On the policy, in my view, Obama has been less than admirable. On the politics, though, he has been typically awesome, successfully turning the tables on the Republicans and backing them into a corner. Polls show that the American people blame the Republicans far more than they do the president for the debt ceiling fiasco, and I suspect Obama has been willing to give up so much largely because he has realized all along that he'd never actually be able to get a deal done. In this sense, he has successfully positioned himself as the sort of centrist, the sort of serious deficit-fighter, independents, not to mention the Beltway media, like (and want to vote for). Meanwhile, the Republicans look like a gang of extremists wielding unreasonable demands and petulantly threatening to pull the country into the abyss if they don't get their unreasonable way.

This is all happening quickly, but what's clear is that the Republicans have gotten desperate, hurling smears at Obama that bear no resemblance to reality whatsoever. He a tax-happy socialist, they scream. Well, no, he's willing to agree to a deal that would slash trillions in spending with only minimal revenue increases. He's not at all serious about cutting spending, they shriek. Wrong again. Look at what he's been proposing. The facts are clear.

Ultimately, Obama will find some way to increase the debt ceiling. He has to. And the Republicans know it, not least because their corporate, Wall Street backers are demanding that it be done, just as it's always been done. But that doesn't mean they won't try to win the issue politically, and that's what's going on now. They're trying to turn the tables back on Obama, trying to back him into a corner, trying to make him take the fall if a deal doesn't get done.

Speaker Boehner is now saying he wants a deal done by today. Okay, but where's he been all along? Clearly, this is posturing. And it would appear that what he wants is a two-stage deal:

House Speaker John Boehner (R-Ohio) is set to call the Democratic Party's bluff on the debt ceiling.

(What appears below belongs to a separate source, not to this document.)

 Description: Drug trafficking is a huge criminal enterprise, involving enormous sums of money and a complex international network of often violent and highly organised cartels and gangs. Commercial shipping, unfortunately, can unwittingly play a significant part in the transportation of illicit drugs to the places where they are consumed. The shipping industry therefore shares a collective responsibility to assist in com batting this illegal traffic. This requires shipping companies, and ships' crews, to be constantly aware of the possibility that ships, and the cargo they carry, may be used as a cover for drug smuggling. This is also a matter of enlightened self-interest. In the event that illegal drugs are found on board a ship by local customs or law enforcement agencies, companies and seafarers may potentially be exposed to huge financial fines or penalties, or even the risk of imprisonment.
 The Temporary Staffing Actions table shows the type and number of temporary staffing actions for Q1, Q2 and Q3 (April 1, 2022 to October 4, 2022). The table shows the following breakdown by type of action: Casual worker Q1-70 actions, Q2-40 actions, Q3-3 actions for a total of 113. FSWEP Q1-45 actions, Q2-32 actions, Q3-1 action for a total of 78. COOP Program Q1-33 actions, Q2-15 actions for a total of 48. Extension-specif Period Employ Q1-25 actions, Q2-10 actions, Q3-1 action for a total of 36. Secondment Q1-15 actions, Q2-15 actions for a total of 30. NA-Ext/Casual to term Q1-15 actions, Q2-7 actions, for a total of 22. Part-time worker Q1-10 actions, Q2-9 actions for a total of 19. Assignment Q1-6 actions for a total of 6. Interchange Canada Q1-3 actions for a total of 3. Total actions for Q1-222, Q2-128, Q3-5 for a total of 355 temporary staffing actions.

The Ohio Republican, in a briefing with his conference on Saturday, announced that he would press for a short-term deal, with major spending cuts paired with longer-term deficit-reduction strategies, as a way around the current impasse.

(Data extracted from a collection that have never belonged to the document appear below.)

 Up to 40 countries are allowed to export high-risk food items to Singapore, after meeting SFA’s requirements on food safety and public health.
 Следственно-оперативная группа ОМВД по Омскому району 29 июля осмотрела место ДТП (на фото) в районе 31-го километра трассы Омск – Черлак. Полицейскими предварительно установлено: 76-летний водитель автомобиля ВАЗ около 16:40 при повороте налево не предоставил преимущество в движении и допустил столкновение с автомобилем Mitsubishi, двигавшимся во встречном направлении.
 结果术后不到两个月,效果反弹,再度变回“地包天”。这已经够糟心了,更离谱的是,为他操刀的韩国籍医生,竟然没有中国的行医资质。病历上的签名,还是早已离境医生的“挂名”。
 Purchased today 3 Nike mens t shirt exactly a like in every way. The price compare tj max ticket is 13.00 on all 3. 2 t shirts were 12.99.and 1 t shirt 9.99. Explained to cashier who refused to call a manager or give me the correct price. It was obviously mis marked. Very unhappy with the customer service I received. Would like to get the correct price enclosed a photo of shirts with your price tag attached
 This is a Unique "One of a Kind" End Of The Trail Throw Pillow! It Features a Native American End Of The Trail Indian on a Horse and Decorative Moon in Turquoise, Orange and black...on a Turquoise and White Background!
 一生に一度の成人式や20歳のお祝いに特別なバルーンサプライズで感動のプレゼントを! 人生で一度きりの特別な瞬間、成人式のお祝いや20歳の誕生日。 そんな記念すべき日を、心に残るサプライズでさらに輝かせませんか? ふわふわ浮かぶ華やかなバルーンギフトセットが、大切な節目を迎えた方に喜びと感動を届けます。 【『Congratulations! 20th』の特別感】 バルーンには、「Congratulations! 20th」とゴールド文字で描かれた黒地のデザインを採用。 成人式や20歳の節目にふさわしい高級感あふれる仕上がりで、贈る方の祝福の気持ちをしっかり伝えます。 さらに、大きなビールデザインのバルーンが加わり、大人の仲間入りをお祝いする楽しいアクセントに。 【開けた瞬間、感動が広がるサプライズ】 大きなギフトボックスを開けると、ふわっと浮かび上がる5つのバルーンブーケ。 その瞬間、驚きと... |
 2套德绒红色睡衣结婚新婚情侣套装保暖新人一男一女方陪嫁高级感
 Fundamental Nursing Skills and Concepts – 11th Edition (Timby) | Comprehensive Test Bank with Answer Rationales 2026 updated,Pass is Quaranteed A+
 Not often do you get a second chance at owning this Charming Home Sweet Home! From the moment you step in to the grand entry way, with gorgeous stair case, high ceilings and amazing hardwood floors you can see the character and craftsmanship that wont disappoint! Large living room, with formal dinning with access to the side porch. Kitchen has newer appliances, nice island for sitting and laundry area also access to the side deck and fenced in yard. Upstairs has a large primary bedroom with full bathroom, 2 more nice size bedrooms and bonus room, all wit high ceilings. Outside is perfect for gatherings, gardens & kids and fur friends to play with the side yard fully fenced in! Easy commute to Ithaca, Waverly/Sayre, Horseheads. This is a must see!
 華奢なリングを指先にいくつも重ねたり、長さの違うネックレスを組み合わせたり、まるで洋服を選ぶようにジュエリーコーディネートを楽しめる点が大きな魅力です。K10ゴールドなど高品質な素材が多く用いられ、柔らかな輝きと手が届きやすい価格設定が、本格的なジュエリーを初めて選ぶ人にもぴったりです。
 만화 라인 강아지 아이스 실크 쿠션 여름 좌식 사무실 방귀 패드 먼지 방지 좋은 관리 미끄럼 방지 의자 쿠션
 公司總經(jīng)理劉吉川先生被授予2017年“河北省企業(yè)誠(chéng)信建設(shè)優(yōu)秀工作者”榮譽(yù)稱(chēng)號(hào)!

That strategy puts the speaker directly at odds with the White House and allied Democrats, who have insisted for weeks that they would not support a short-term extension of the debt ceiling. The president went so far as to dare House Majority Leader Eric Cantor (R-Va.) to test his opposition to a temporary deal during a tense meeting more than a week ago.

Whether that rigidity will fade as the Aug. 2 deadline to raise the debt ceiling nears is a big gamble on Boehner's part. 

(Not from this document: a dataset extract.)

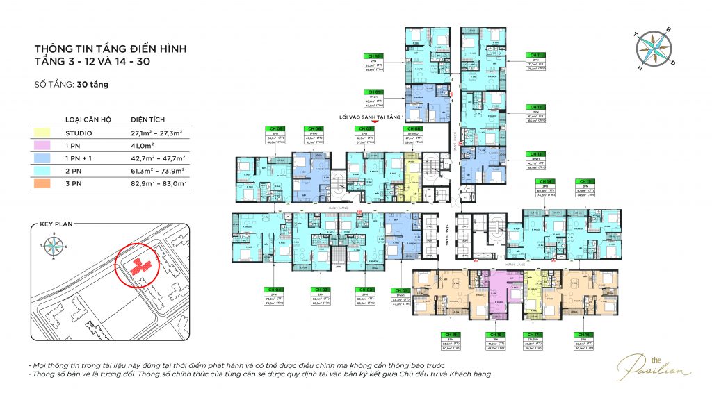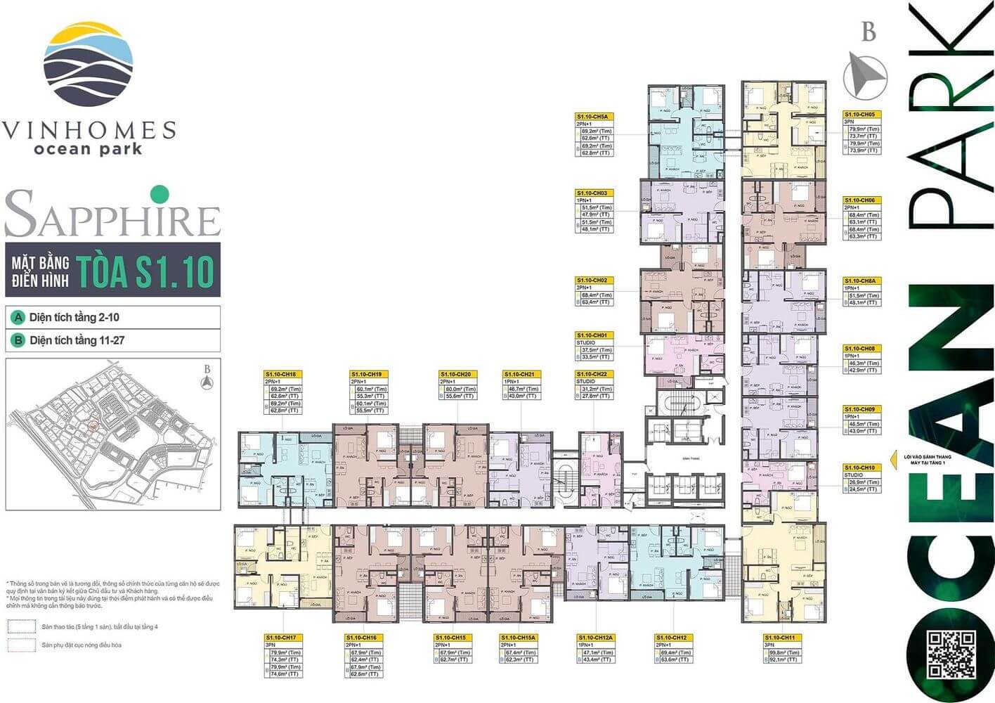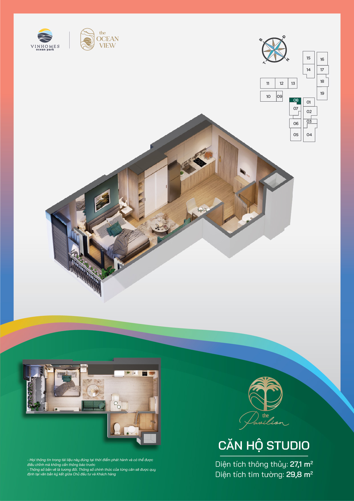 - Căn Studio: 27.1 – 30m2, giá bán 1.1 – 1.4 tỷ.

Now, it's possible that, faced with that deadline (and with the possibility of economic catastrophe), Obama and the Democrats will cave. But thus far they've been firm in their staunch opposition to a short-term deal. As Senate Majority Leader Harry Reid clarified yesterday:

I want to reaffirm my statement from last night. I will not support any short-term agreement, and neither will President Obama nor Leader Pelosi. We seek an extension of the debt ceiling through at least the end of 2012. We will not send a message of uncertainty to the world.

The Republicans are obviously hoping they can pin the blame on Obama and the Democrats for the collective failure to get something done. Whether or not they sign on to Boehner's plan, Republicans can and will accuse them of being the real obstacles to a more substantive deal. In other words, they hope they can win the spin. It may be entirely dishonest, but you know they'll do it. Because it's pretty much all they've got left.

In my view, Obama and the Democrats need to stand firm. If Boehner is calling Obama's bluff, then Obama needs to call Boehner's. The president has public opinion on his side and can go with the constitutional option to raise the debt ceiling. And, of course, he has the bully pulpit, not to mention his own phenomenal political skills, and can make his case far better than the Republicans can theirs. (And, what's more, Republicans are still deeply divided on the issue, with the Tea Party right opposed to compromise and the establishment, with the party's financial backers behind it, understanding that a debt ceiling increase is absolutely necessary. The president should exploit this division as much as possible.)

In other words, don't let the Republicans define the issue and get their way. It's as simple as that. I'm not sure I have all that much confidence that Obama and the Democrats will actually stand their ground, but they'd be crazy not to take advantage of their current position and keep up the pressure on the Republicans. The issue, politically speaking, is theirs to lose.